> Exercise goal
Return an exact copy of the lines from the one holding "in Blurred Forest" to the end of the data, including both the starting and final lines. Leave the pictures out.

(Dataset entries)
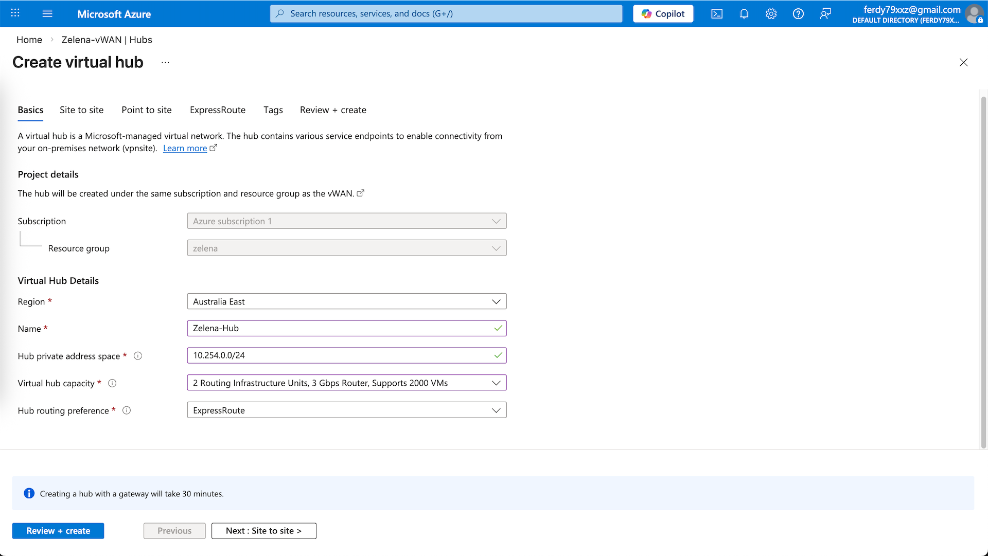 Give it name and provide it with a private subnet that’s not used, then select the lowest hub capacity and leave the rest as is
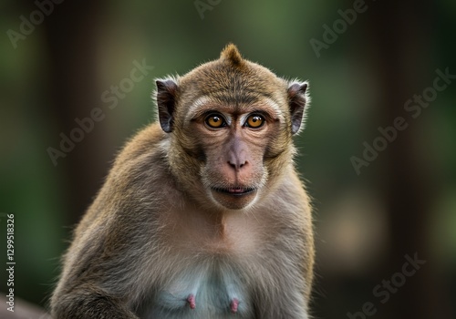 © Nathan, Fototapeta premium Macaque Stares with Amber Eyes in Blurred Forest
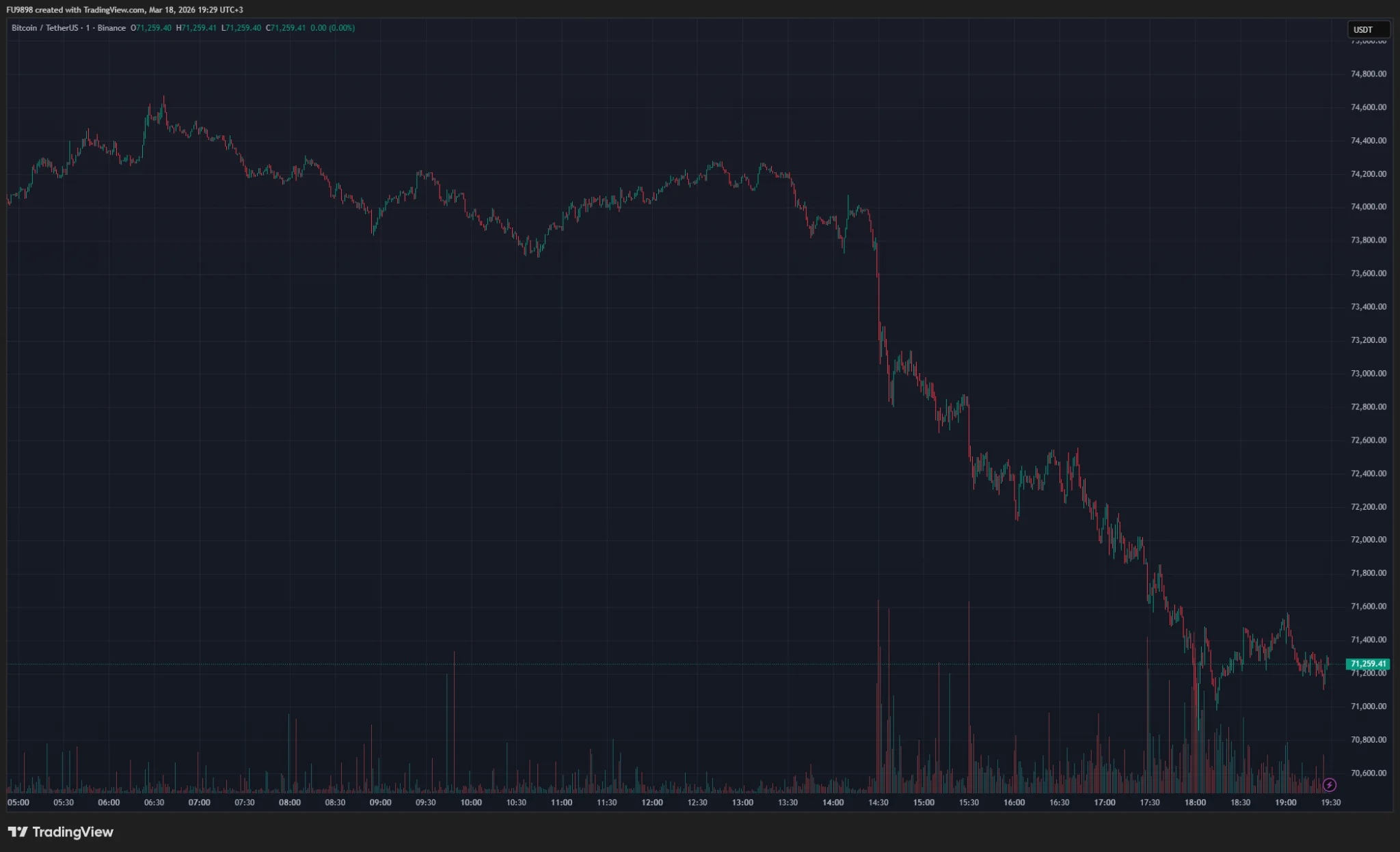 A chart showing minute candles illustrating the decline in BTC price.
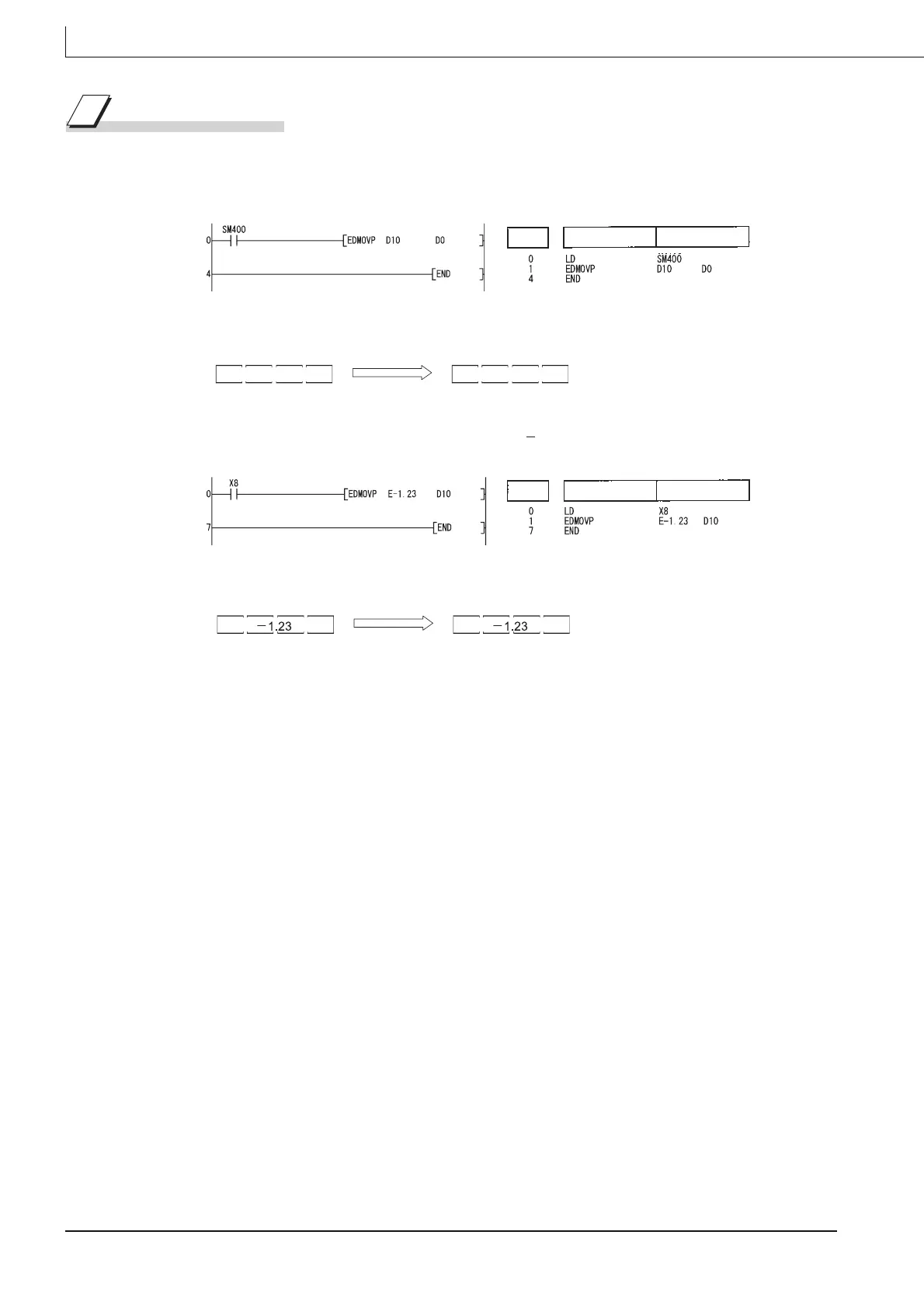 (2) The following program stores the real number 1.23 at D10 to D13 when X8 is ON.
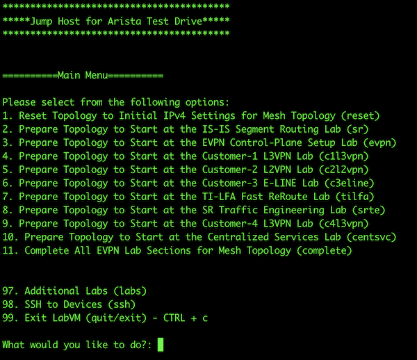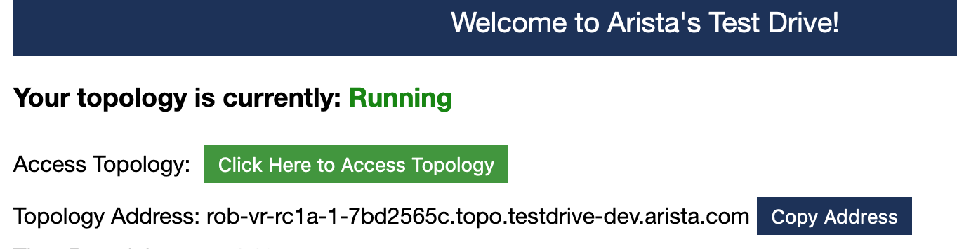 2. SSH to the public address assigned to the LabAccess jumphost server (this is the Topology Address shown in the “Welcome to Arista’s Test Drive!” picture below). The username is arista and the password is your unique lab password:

> Written reply
 © Nathan, Fototapeta premium Macaque Stares with Amber Eyes in Blurred Forest
 A chart showing minute candles illustrating the decline in BTC price.
 (2) The following program stores the real number 1.23 at D10 to D13 when X8 is ON.
 2. SSH to the public address assigned to the LabAccess jumphost server (this is the Topology Address shown in the “Welcome to Arista’s Test Drive!” picture below). The username is arista and the password is your unique lab password:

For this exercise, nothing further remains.